There is a reference in the documents to Angus being wounded, ‘blown up’, which fits together with the story of how he stopped to relieve himself only to see mates killed by a land mine. On such small acts did survival turn.  I’d like to think his history of going AWOL – he made it all the way through France to London – was because he had trouble with authority. The romantic notion of him rebelling against the structure is appealing. After all, his Scottish grandparents came to Australia as boat people after being forced to leave their homeland; and clearly, he was not concerned about being arrested and court-martialed. There were a few such times.  His handwriting, when he was discharged 20th January 1919 with the notation, shell shocked, is spidery, uncertain. He was awarded the  1914-15 Star and the British War Medal and Victory medal 1914-1919.

He married at 40, late in life, to a woman half his age, a returned serviceman whose hands would shake and tremble. He suffered nightmares and trench feet – where bacteria would cause large green painful blisters that stank when they burst.
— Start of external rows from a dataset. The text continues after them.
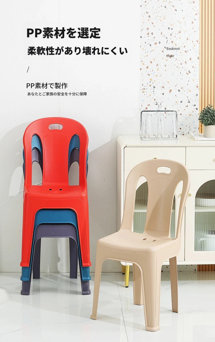 シンプルでスタイリッシュなプラスチック製背もたれ椅子|リビングやダイニングに最適|お子様の学習や食事に便利|スタッキング可能で省スペース|滑り止め付きで安全性抜群!
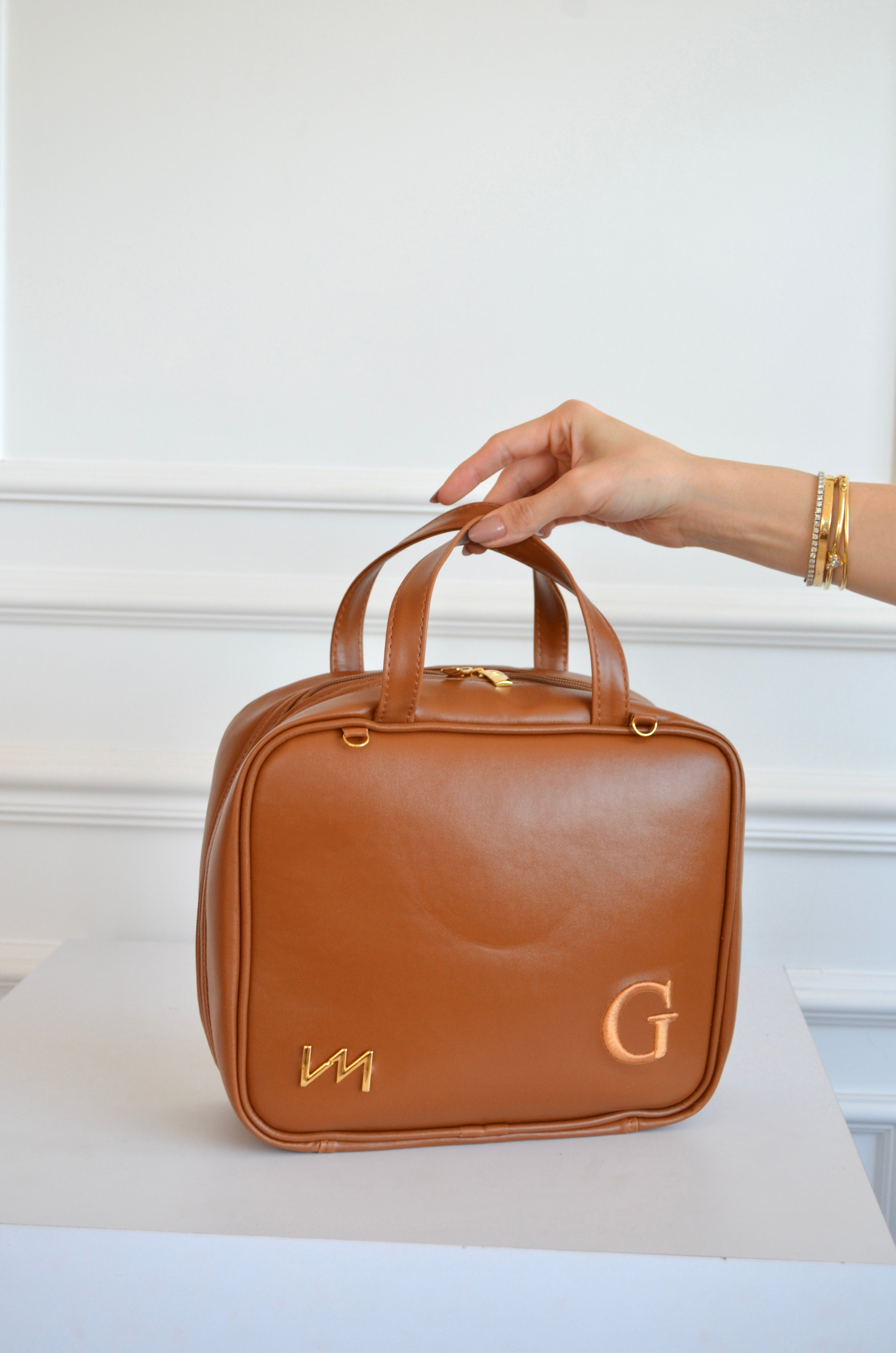 - Frasqueira Térmica caramelo Lisa bordado inicial G OUTLET
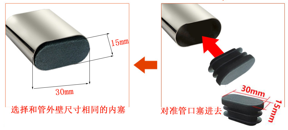 例如:鐵管外徑為15*30毫米,那就買"15X30"規(guī)格的管塞!
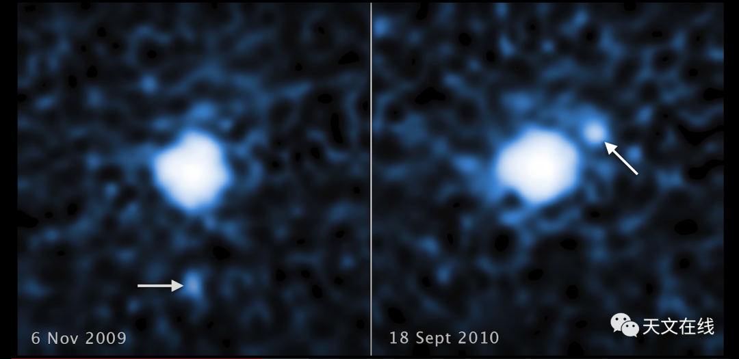 图:共工星(中央)和它的卫星(箭头所指)
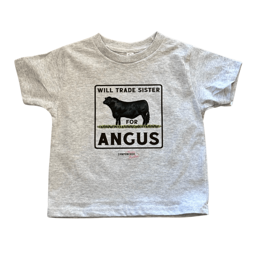 For the little cowboy with big cattle dreams, this playful graphic tee is sure to get laughs on the ranch. Featuring a bold black Angus silhouette and the cheeky phrase “Will Trade Sister for Angus,” this shirt adds a fun twist to farm life fashion. Made from a soft cotton blend in classic heather gray, it’s built for comfort, durability, and all-day play. Finished with the Cowpuncher Babe logo for an authentic Western touch.
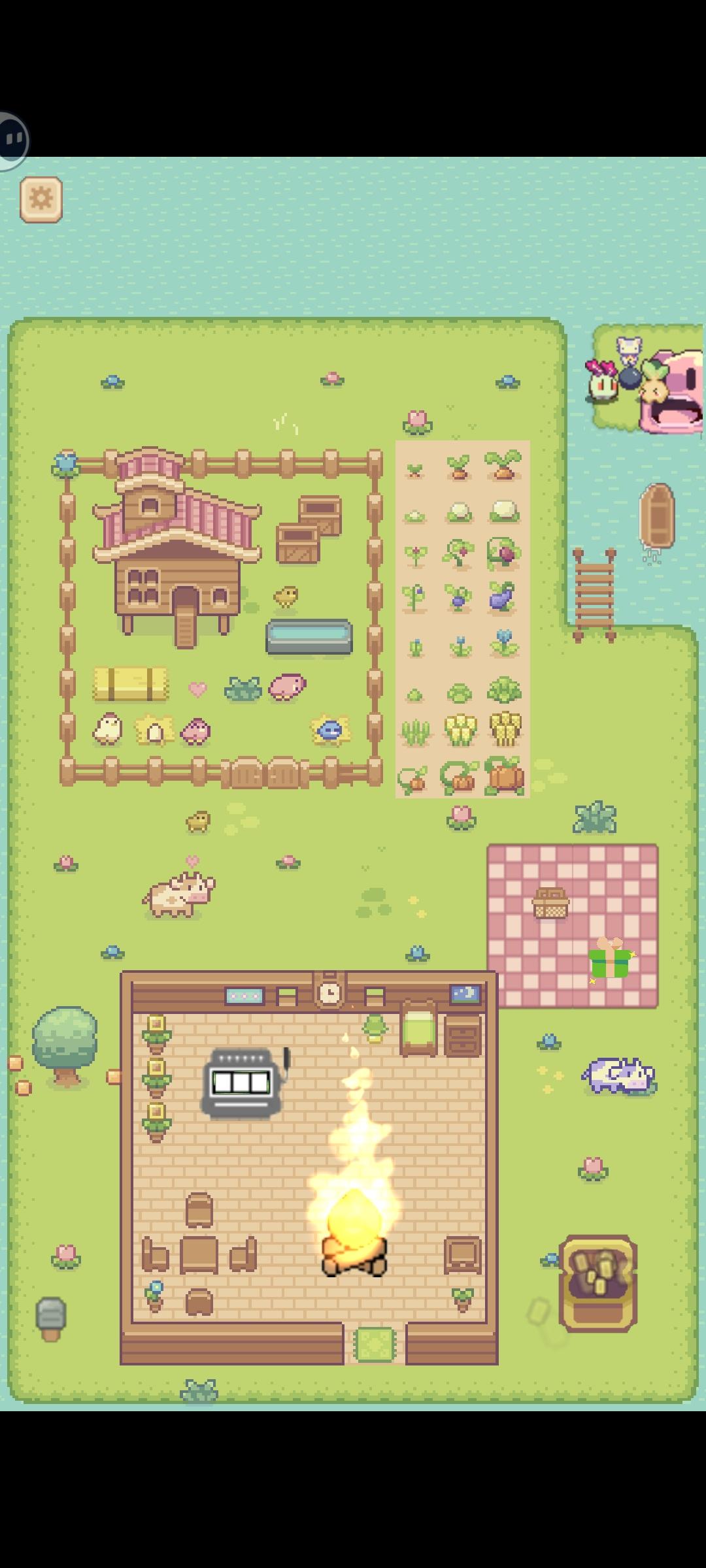 2D像素画风,界面结构简单,UI品质较好。小兔子造型可爱,有简单的行走动作,放置状态下感觉也像是一蹦一蹦的。部分场景物件可以破坏,交互效果较好,传送门位置明确,特效意思表达简单易懂。

He could not speak of the war and when he did, it was with tears.  Some war wounds remain hidden.

It would seem he was already losing his battle with the bottle. He married, trying to settle back into the small country town life – trying to come back to normality after the mud, blood and death.  Apparently, he didn’t make the transition – according to his children the nightmares, the drinking never stopped.  He largely disappeared from the lives of his six kids; lived rough until finally, he died in the local hospital.

Somewhere there is an Honour Board which marks those who did not die on the battlefield but left much of themselves in the blood and the mud, these very ordinary men who, for a brief period in their lives, did something extraordinary.